Onca sighed. He should have slipped out as soon as he woke up.
“Don’t try to back out of this now,” she said. “Be honest with me.”
“It’s early for a heart to heart, isn’t it?”
“Is that what this is?” She stretched her arms over her head, arching her back. “Besides, it’s late, not early.”
“Wouldn’t you rather go for a run instead?”
“After.”
“It’s not a simple answer.”
“Should it not be? Why are you here? What would drive you to do all this and keep doing it? Drive you all this way away from home?”
“Duty.”
She made a small sound. “Duty to what?”
Onca sighed, threw up an arm. “To my country.”
They lay side by side, looking up at the low ceiling.
“It’s an easy answer,” she said. “It’s the answer I always use myself when I am asked.
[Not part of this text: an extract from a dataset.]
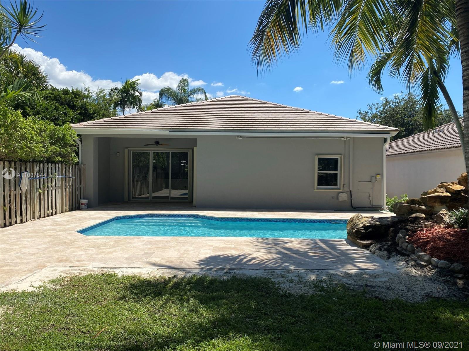 New Roof December 2020! - 4 Bed/2 Bath pool home fully updated, over 200k in updates. This house has been completely remodeled with new kitchen quartz countertops and new stainless steel appliances. Remodeled bathrooms, 32" tiles throughout, marble flooring in the master bathroom, tankless water heater, accordion shutters throughout, new garage door with smart opener. Pool with waterfall, Salt Chlorinator, travertine pavers, new pool diamond brite resurfacing, large backyard. Great community with exercise room, kids play area, 24 hours manned security, 2 gates entry/exits, Community Pool, internet, basic cable, ADT Security and Lawn & Shrub Maintenance included in the HOA, amazing schools, and more.

Everyone accepts it. Especially our superiors in the military and in the civilian governments. Of course they do. They are completely entangled with the concept of the nation state and their own one in particular. But duty to a country?” She waved a hand in the air above them. “The concept breaks down when you closely examine it. What exactly about the country are you being dutiful to? The individual leaders? The government? The system of government?”